We can analyse a computer’s memory to see what applications (processes), what network connections were being made, and many more useful pieces of information. For example, we can analyse the memory of a computer infected with malware to see what the malware was doing at the time.
Let’s think about cooking. You normally store all of your food in the fridge – a hard drive is this fridge. When you are cooking, you will store ingredients on the kitchen counter so that you can quickly access them, but the kitchen counter (RAM) is much smaller than a fridge (hard drive)
Why is Memory Forensics Useful?
Memory forensics is an extremely important element when investigating a computer. A memory dump is a full capture of what was happening on the Computer at the time, for example, network connections or things running in the background. Most of the time, malicious code attempts to hide from the user. However, it cannot hide from memory.
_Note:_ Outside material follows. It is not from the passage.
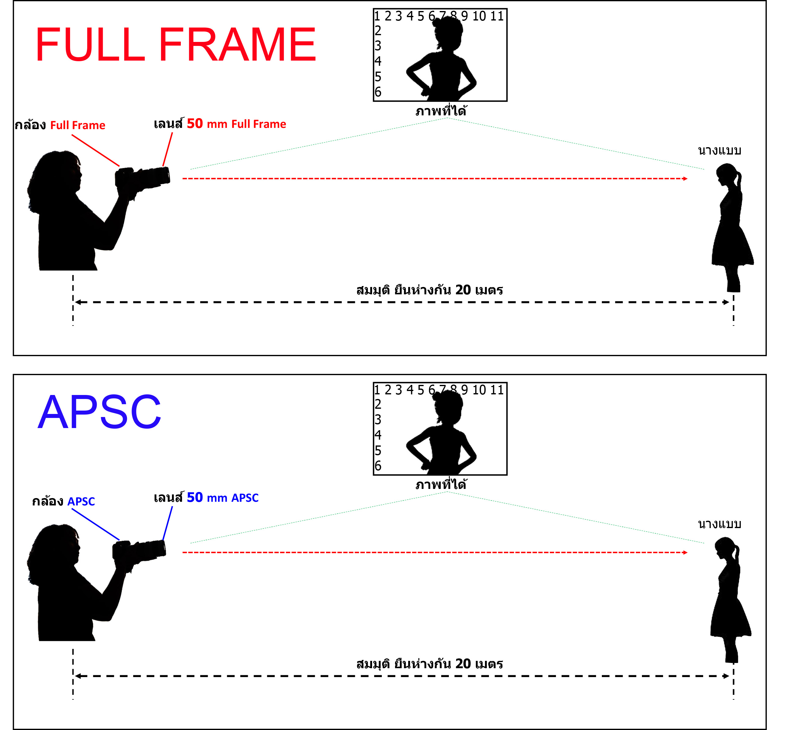 1. กล้อง APSC + เลนส์ 50 mm APSC ภาพที่ได้จะเหมือนกัน กับ กล้อง Full frame + เลนส์ 50 mm Full frame (ถ้ายืนห่างจากแบบเท่าเดิม) เหมือนตามภาพที่แสดงด้านล่างนี้ ( ตามภาพข้างล่างนี้ถูกต้องไหม)
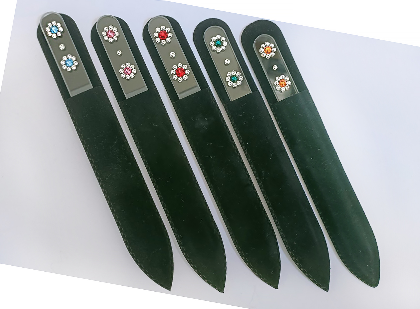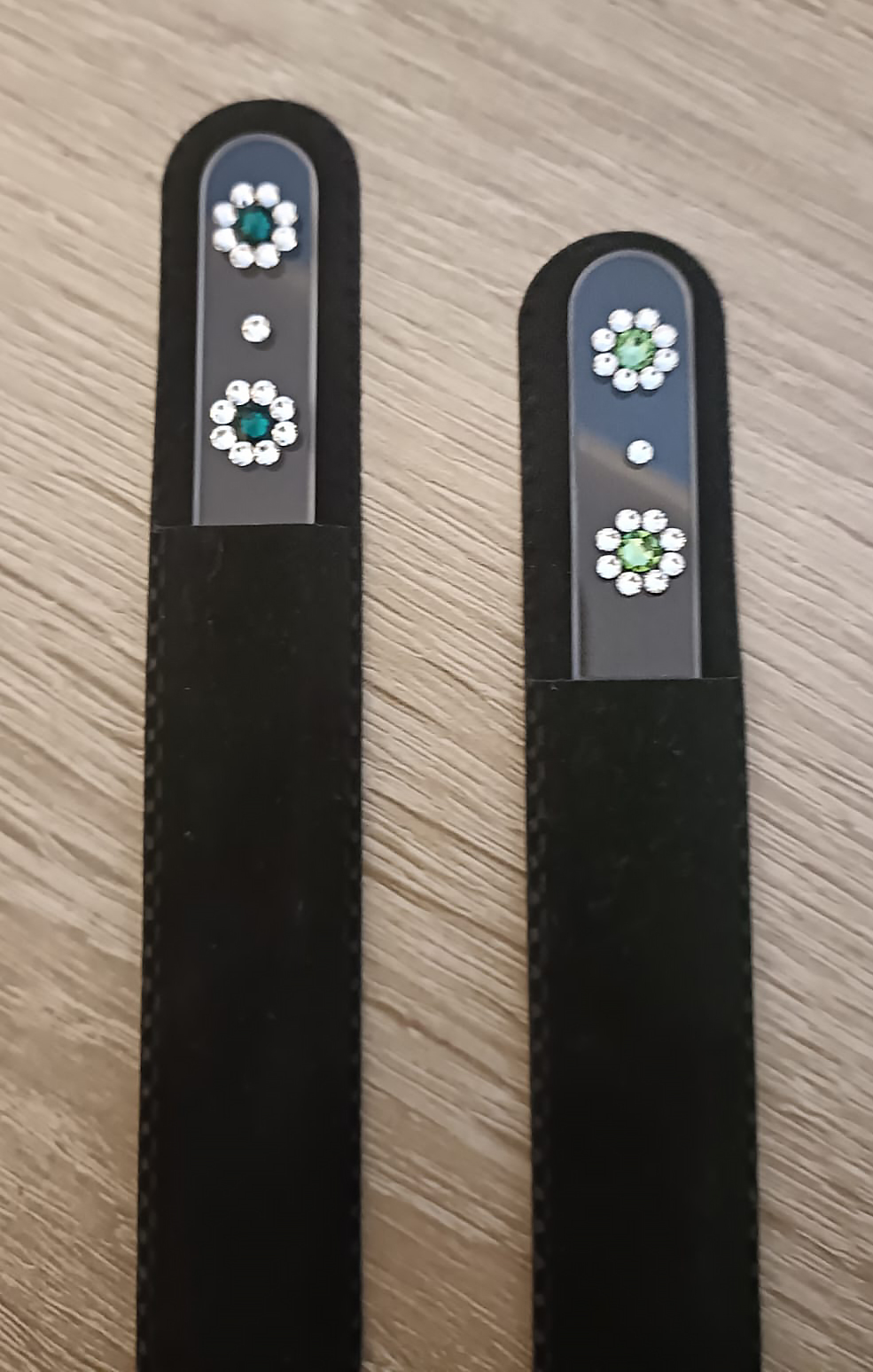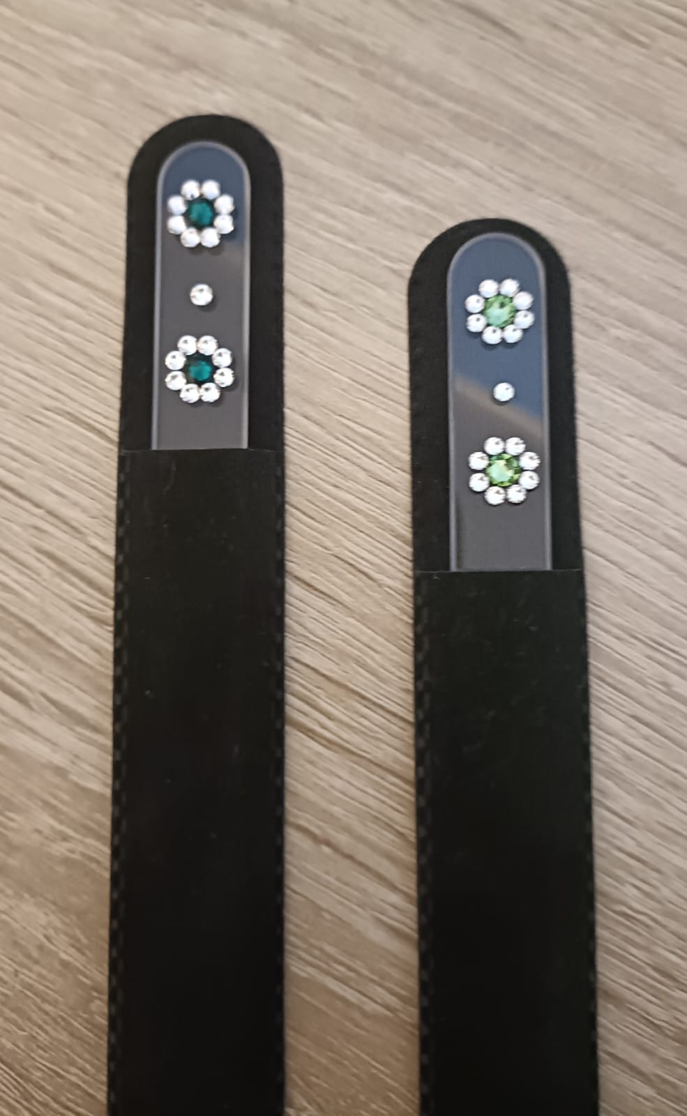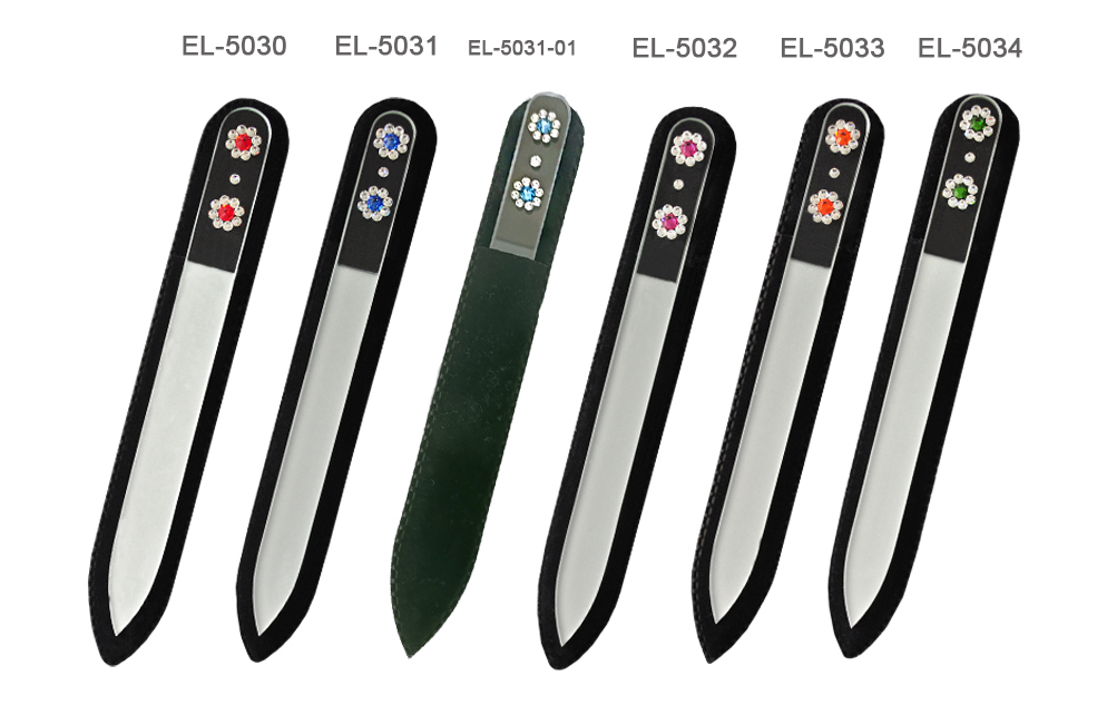 Pilnik do paznokci EL-5034 "Zielone Kwiaty" to piękny, wytrzymały kryształowy pilnik, zdobiony ręcznie Swarovski® crystals.

We can use this capture of the memory for analysis at a later date, especially as the memory on the computer will eventually be lost (if, for example, we power off the computer to prevent malware from spreading). By analysing the memory, we can discover exactly what the malware was doing, who it was contacting, and such forth.
An Introduction to Processes
At the simplest, a process is a running program. For example, a process is created when running an instance of notepad. You can have multiple processes for an application (for example, running three instances of notepad will create three processes). This is important to know because being able to determine what processes were running on the computer will tell us what applications were running at the time of the capture.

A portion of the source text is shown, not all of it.